EXERCISE REQUIREMENTS ▸ Set down the data below from its first line to the line holding "A classic twist", inclusive; omit all pictures.
START DATASET EXTRACT
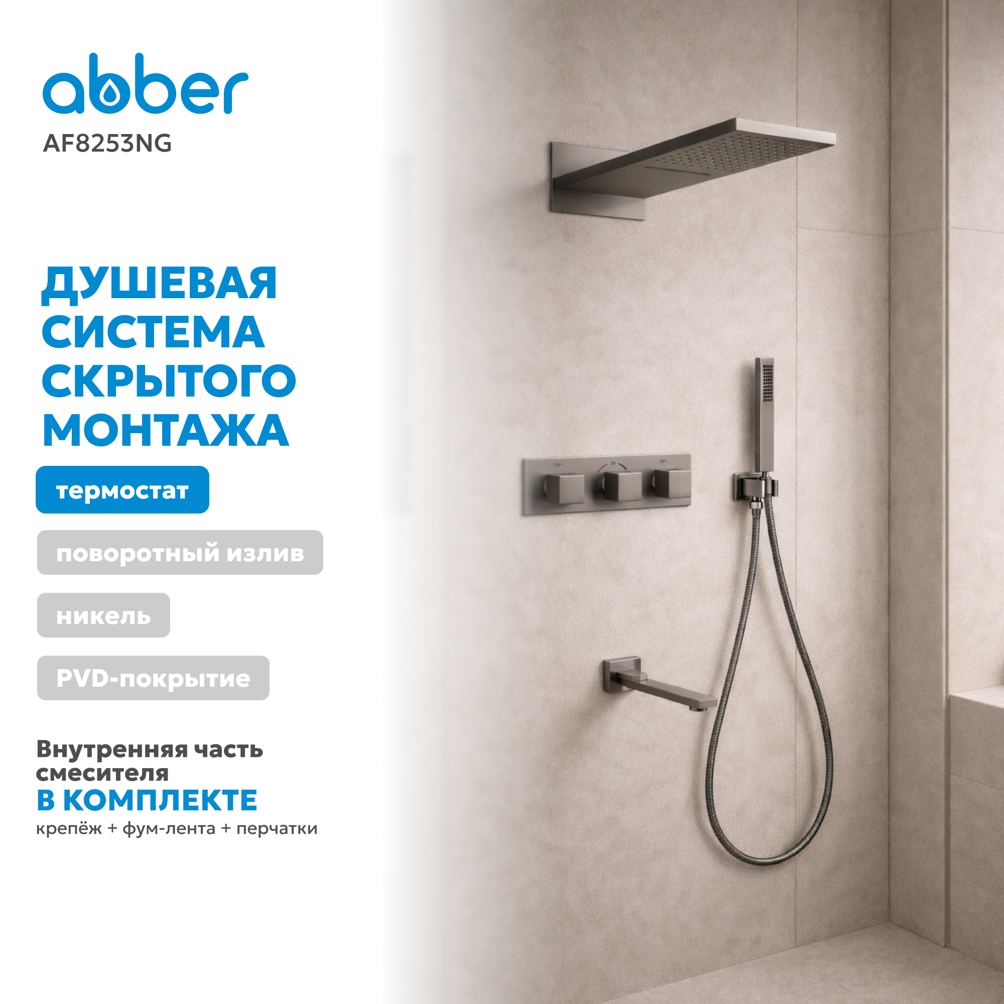 Душевые системы скрытого монтажа / Душевая система ABBER Daheim AF8253NG скрытого монтажа с изливом, с термостатом, оружейная сталь
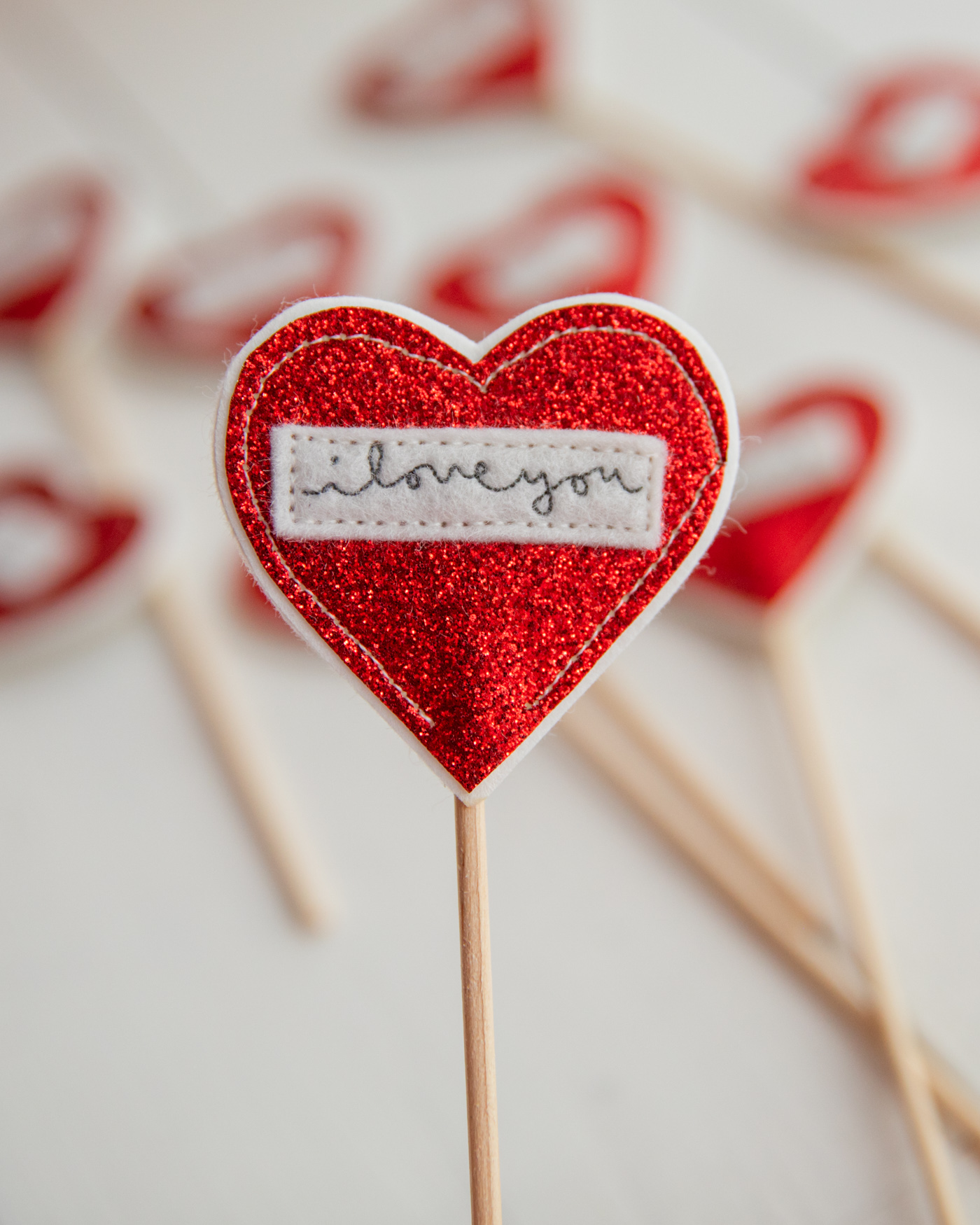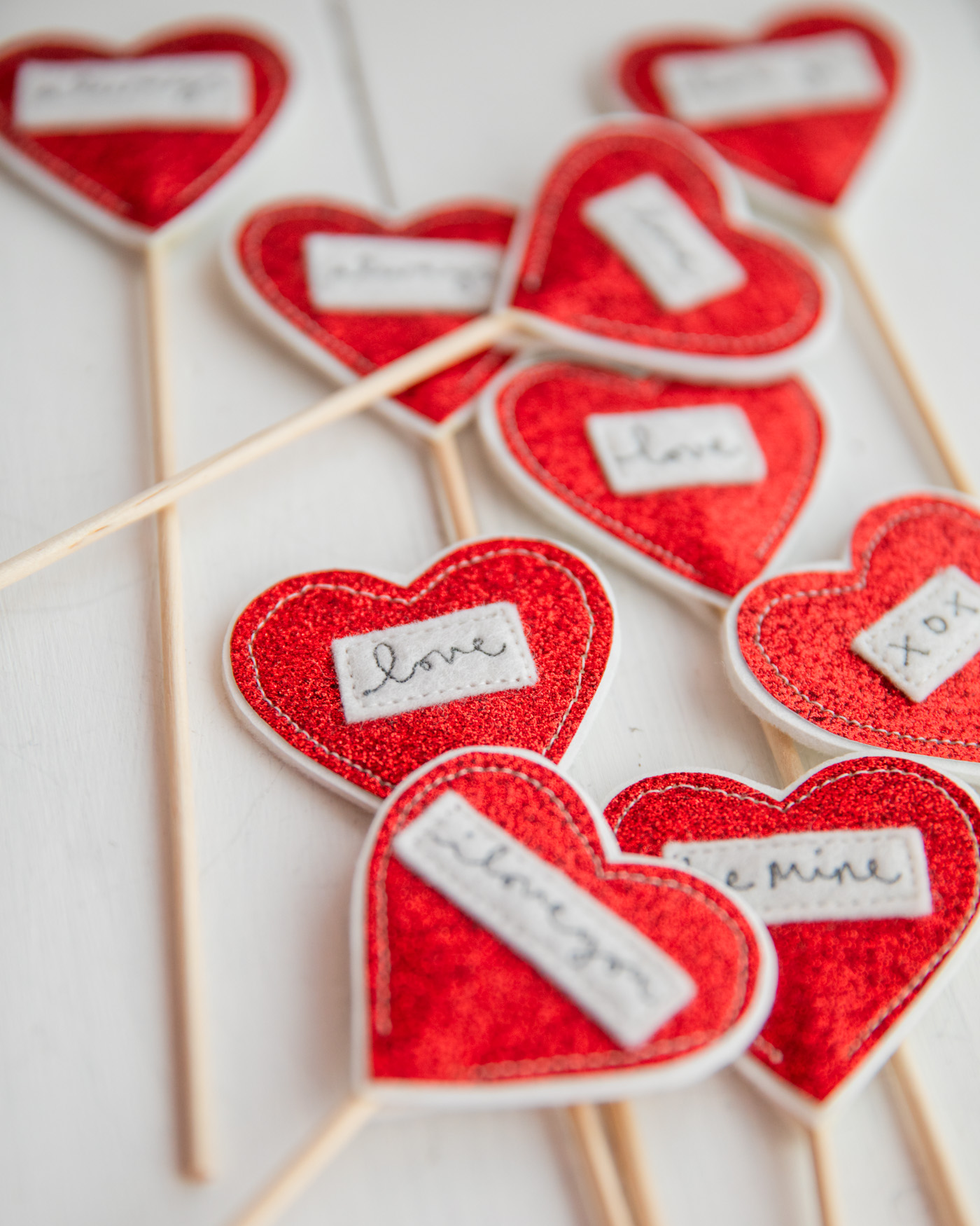 A classic twist on my valentines hearts, these small handmade red glitter hearts on sticks are a cute addition to a plant pot or pen pot.
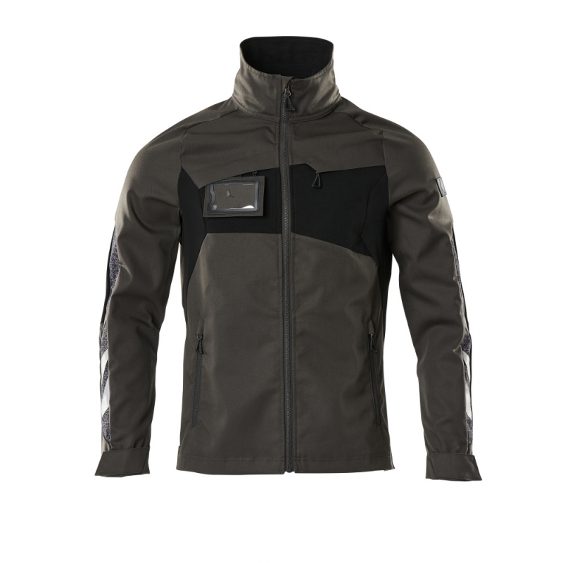 Części produktu wykonane ze streczu. Połączenie lekkiej tkaniny jakości 442 oraz ULTIMATE STRETCH jakości 511. Zapięcie na zamek błyskawiczny i wewnętrzna klapka sztormowa. Kieszeń na piersi zapinana na zamek błyskawiczny. Odczepiany uchwyt na identyfikator.
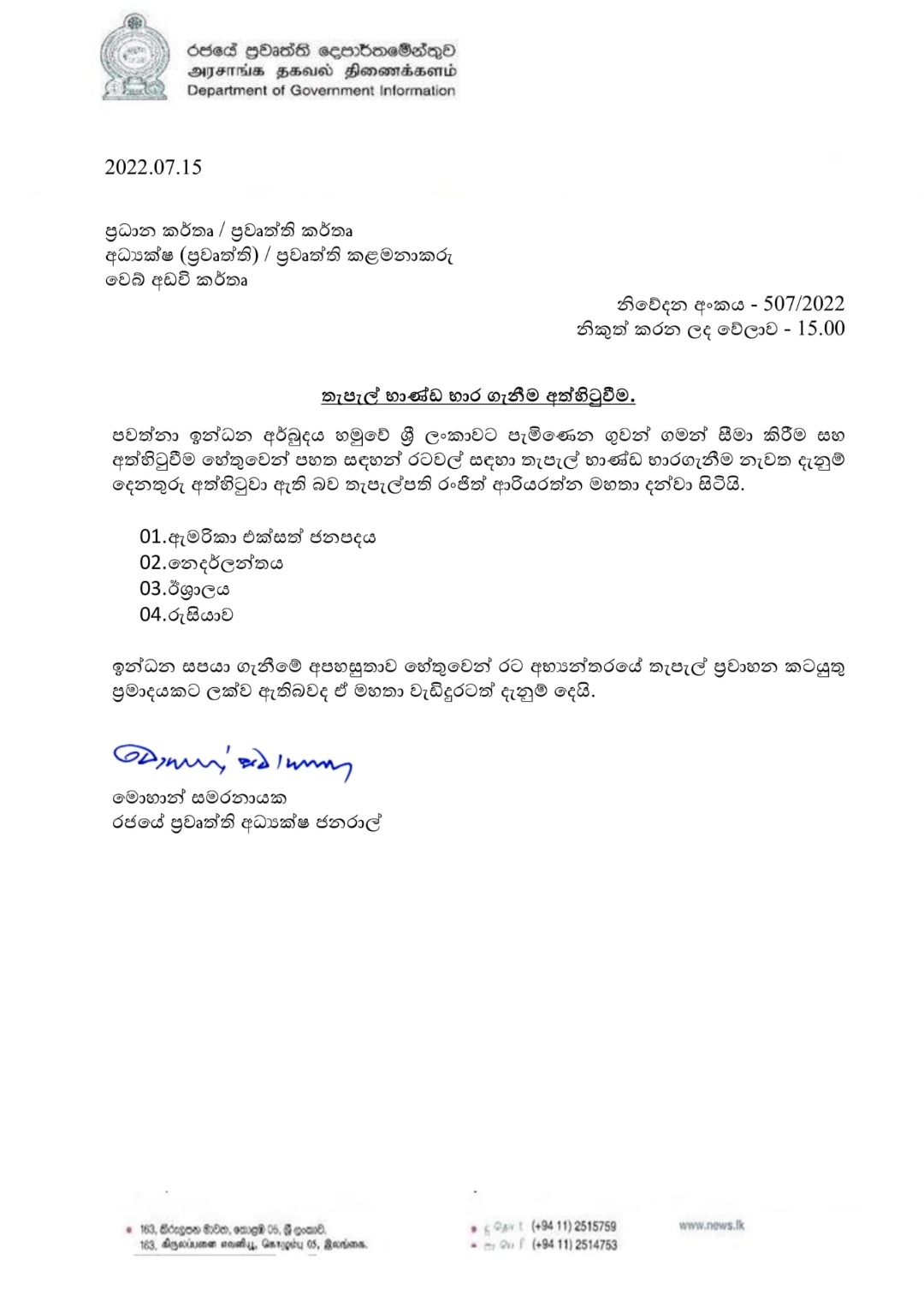 රට තුල උත්ගතව ඇති ඉන්ධන හා ප්රවාහන අර්බුදය හේතුවෙන් රටවල් කිහිපයක් සඳහා තැපැල් භාණ්ඩ භාර ගැනීම දැනුම් දෙන තුරු අතිහිට වූ බව තැපැල් දෙපාර්තමේන්තුව ප්රකාශ කරනවා. එ අනුව
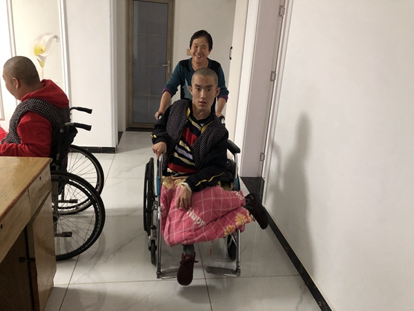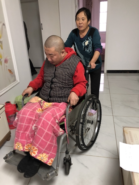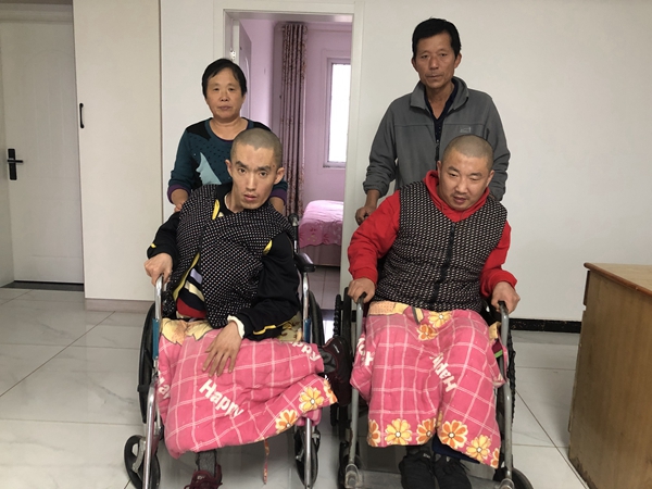 “以前冬天沒暖氣,兩個孩子不能活動怕冷,我給他們每個人都做了30多條棉褲,每天棉褲都像棉被那么厚。他們大小便都不能自理,經常把棉褲、被褥弄臟,我每天給他們換幾條、經常拆洗,但就是這樣,兩個孩子的腿上凍得都是黑色的泡。”提起這些,周素真難掩心酸。“前年我們回遷到花園社區了,冬天有暖氣,孩子也沒那么受罪了。”說到這里,她又笑了起來。“孩子長大了,我歲數也越來越大,已經抱不動他們了,以后我們歲數大了,可能照顧他們就更難了。”周素真說。
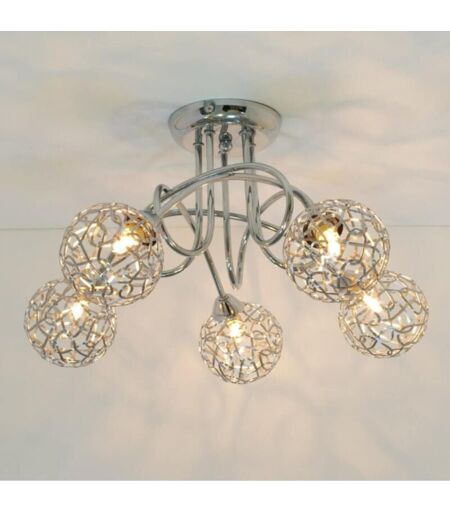 Description générale Offrez à votre intérieur une touche de modernité avec ce superbe plafonnier. Composé de 5 branches incurvées en métal chromé et de sphères en aluminium de 10 cm de diamètre, ce luminaire crée des jeux de lumière spectaculaires. Les ampoules G9 (non fournies) illuminent chaque sphère, produisant des effets lumineux enchanteurs qui ajoutent une touche de sophistication à votre décoration. Spécifications techniques Matériau : Métal chromé et aluminium Nombre de branches : 5 Diamètre des sphères : 10 cm Type d'ampoule : G9 (non fournies) Compatibilité et accessoires Compatible avec des ampoules G9 standard Accessoires recommandés : ampoules G9 LED pour une meilleure efficacité énergétique Installation Installation au plafond requise Instructions de montage incluses Vis et supports fournis Utilisation Idéal pour les salons, salles à manger ou bureaux, ce plafonnier apporte une ambiance chaleureuse et moderne. Il peut être utilisé comme source principale de lumière ou ...
END DATASET EXTRACT
TASK ANSWER ▸
 Душевые системы скрытого монтажа / Душевая система ABBER Daheim AF8253NG скрытого монтажа с изливом, с термостатом, оружейная сталь
 A classic twist on my valentines hearts, these small handmade red glitter hearts on sticks are a cute addition to a plant pot or pen pot.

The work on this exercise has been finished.